Well you're right that supporting --gc:none isn't all that taxing but I would like to explore what --gc:arc adds that you think you can avoid. I mean, never freeing memory isn't exactly a production ready solution... :-)

@HugoP707
Copy link

HugoP707 commented Oct 15, 2020

Although arc is probably superior to both gc:none and gc:regions, i still think that being able to turn off the gc if you will is a nice feature to have.

The good thing about regions compared to gc:none is that you can always free the memory you use, so in case of saving one of them (if any) id say regions is more worth it

@Araq
Copy link
Member Author

Araq commented Oct 15, 2020

Comparing --gc:none to --gc:arc is much like a switch "let's turn C's free() into a nop", a switch I've never seen demanded for a C environment.

--gc:regions is more useful but the idea behind ORC is not performance (though it's usually really good, depending on the program), the idea is unification. ORC works much better with custom memory management than Nim v1.0's mechanisms did.

For example, I want to be able to use your Omni project with Nim's async framework and with mratsim's superior multi-threading solution, all in one program. With --gc:X that is pretty much impossible until we agree on a standard X. Yes this standard is suboptimal for plenty of use cases, that's the price to pay for interoperability. But if X is ORC it's the most flexible solution that we found, and you can tweak it for Omni's domain too. For example, a custom seq-like container that doesn't realloc under your hood is a couple dozen of lines of custom code.

@vitreo12
Copy link

vitreo12 commented Oct 15, 2020

Thing is, you can't really use Omni in anything other than Omni (it ships with its own omni compiler, which compile .omni code to shared libraries, using nim, of course). Omni is made to generate shared libraries that process audio that you would use in other environments, so you can't link it with other nim modules at all.

Having said so, what gc:arc seems to be adding to the generated C code, is a lot of useless if statements. In my project I don't use the nim stdlib at all, and if my user tries so, it will be already prompted an error to him. So, all of these statements are quite useless, as actually none of the constructs that gc:arc would handle are ever even used. In my case, memory is freed, just not automatically as gc:arc would do, but manually at a specific point in time that supports hard real time scheduling.

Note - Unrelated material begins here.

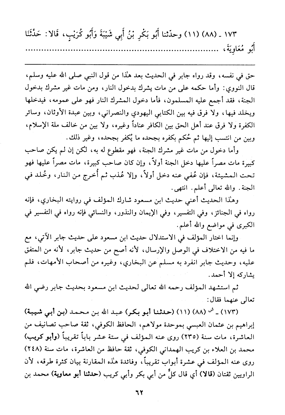 (١٧٣) - ش (٨٨) (١١) (حدثنا أبو بكر) عبد الله بن محمد (بن أبي شيبة) إبراهيم بن عثمان العبسي بموحهدة مولاهم، الحافظ الكوفي، ثقة صاحب تصانيف من العاشرة، مات سنة (٢٣٥) روى عنه المؤلف في ستة عشر بابًا تقريبًا (وأبو كريب) محمد بن العلاء بن كريب الهمداني الكوفي، ثقة حافظ من العاشرة، مات سنة (٢٤٨) روى عنه المؤلف في عشرة أبواب تقريبًا، وفائدة هذه المقارنة بيان كثرة طرقه، لأن الراويين ثقتان (قالا) أي قال كلٌّ من أبي بكر وأبي كريب (حدثنا أبو معاوية) محمد بن

I am not saying that gc:none should be used in place of gc:arc, I am just saying that there are use cases where gc:none is more ideal than gc:arc (as I said, even to just use nim syntax instead of C's for low-level ptr programs), and considering that maintaining gc:none doesn't require much work (if none at all), I don't see reasons to deprecate it.

@HugoP707
Copy link

HugoP707 commented Oct 15, 2020

I think Araqs point was not specifically about omni, but about any kind of library, omni is not a good example here.

Its a fair point, but i am still not convinced about the idea of just getting rid of them completely.
Nevertheless its your language, if you think regions and/or "none" should be deprecated I am not the one to say otherwise.

About using projects with different gcs, i have always felt like it could be a nice feature, being able to have a computationally intensive part of your library use a gc and other part another one, wouldnt this be possible? cant the gcs be treated as libraries? (this is a bit offtopic already)

@Araq
Copy link
Member Author

Araq commented Oct 15, 2020

@vitreo12 I don't understand how this works with today's --gc:none. Do you use it with -d:useMalloc? Do you use it for the warning messages the Nim compiler produces when you use a feature that uses the GC?

but manually at a specific point in time that supports hard real time scheduling.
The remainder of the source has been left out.